ABOUT THIS EXERCISE:
Go to the line that contains "At the houses" in the listing below, then output it and every line after it exactly, omitting pictures.

EXERCISE DATA:
+===+
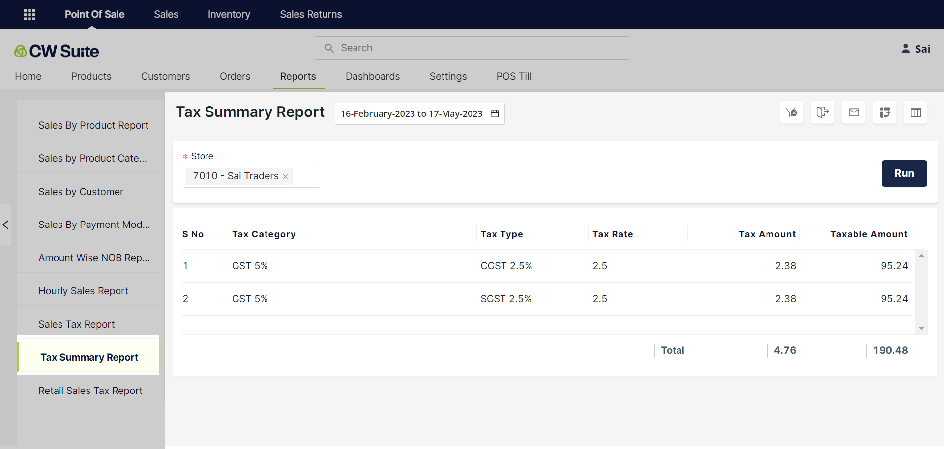 The Tax Summary Report in CW POS provides a summary of taxes collected during a specific period of time. The report includes the following columns:
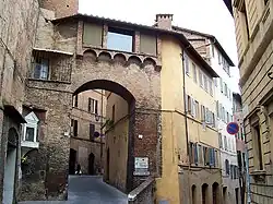 At the houses of the Fathers of the Rose the Siena Academy of Sciences and the Museum of the History of Science have been located since 1816. The convent, which was originally the home of the Catholic monastic congregation of the Camaldolese Friars of the Rose, has been converted into a university campus. The Porta Tufi (1325–1326) is one of the entrances to the historic center of Siena: it is attributed to the Sienese architect and sculptor Agnolo di Ventura.[2]
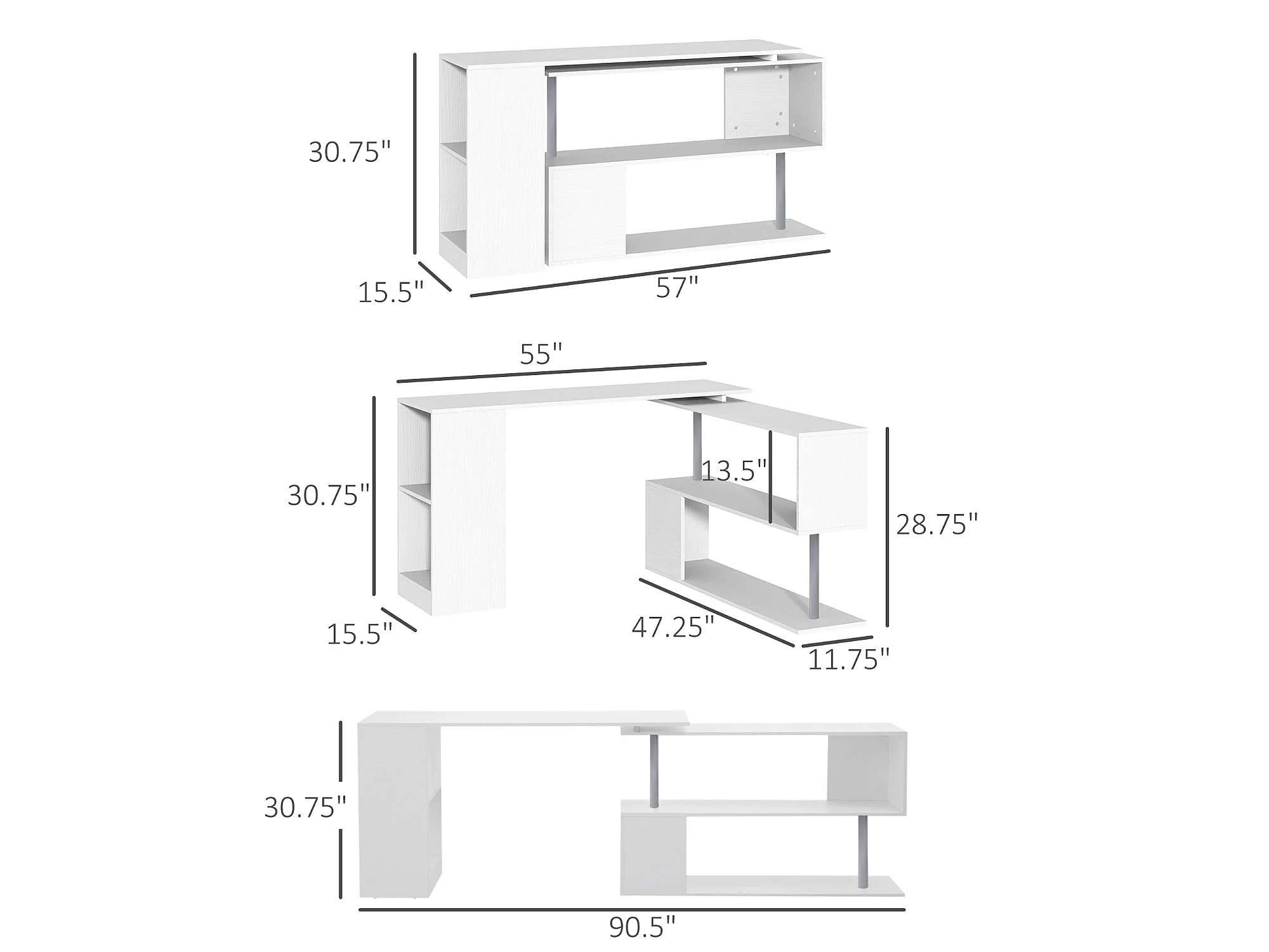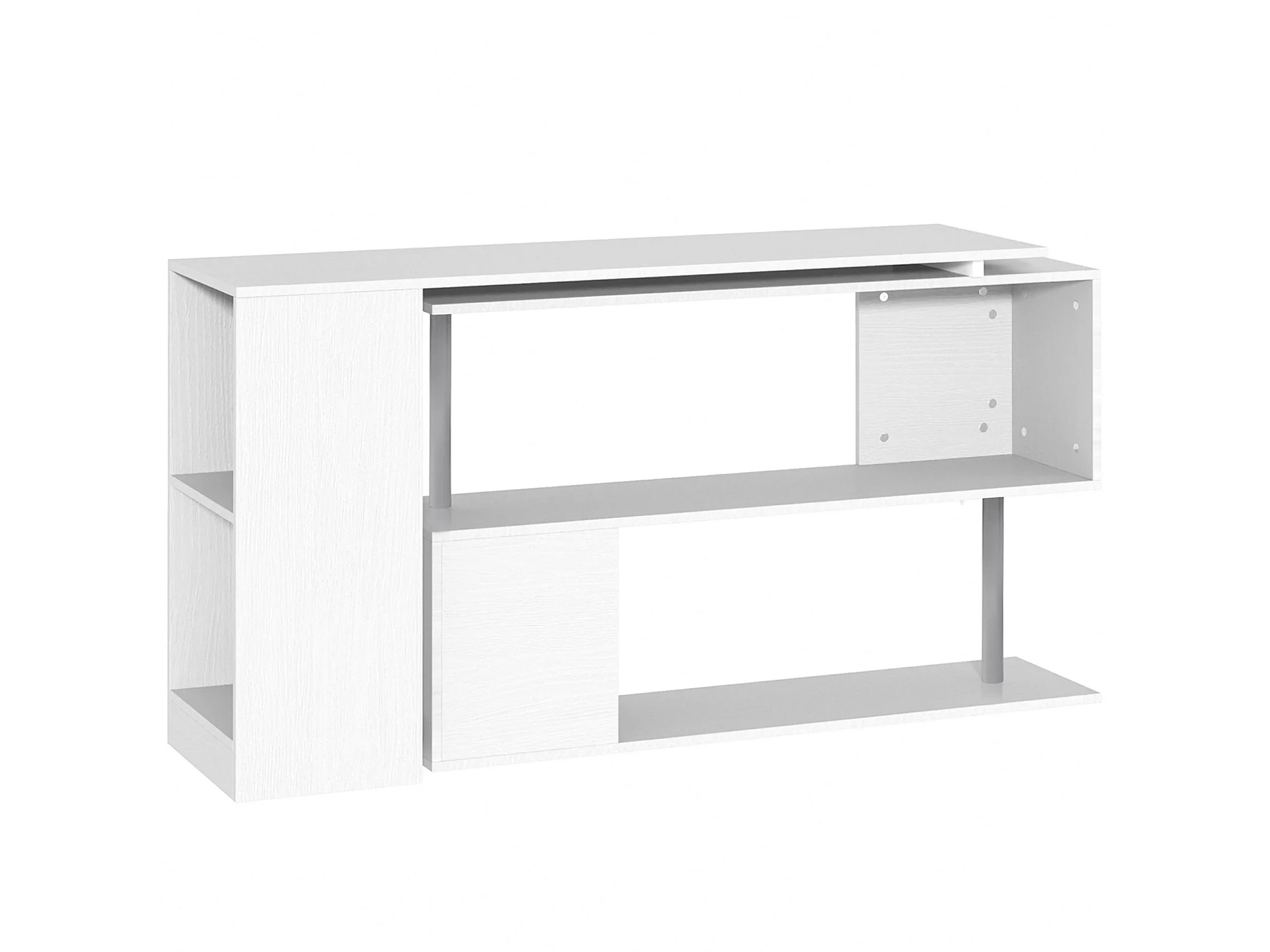 Bureau informatique multimédia modulable design contemporain zig zag bibliothèque intégrée panneaux particules blanc métal
+===+
WORKED SOLUTION:
 At the houses of the Fathers of the Rose the Siena Academy of Sciences and the Museum of the History of Science have been located since 1816. The convent, which was originally the home of the Catholic monastic congregation of the Camaldolese Friars of the Rose, has been converted into a university campus. The Porta Tufi (1325–1326) is one of the entrances to the historic center of Siena: it is attributed to the Sienese architect and sculptor Agnolo di Ventura.[2]
 Bureau informatique multimédia modulable design contemporain zig zag bibliothèque intégrée panneaux particules blanc métal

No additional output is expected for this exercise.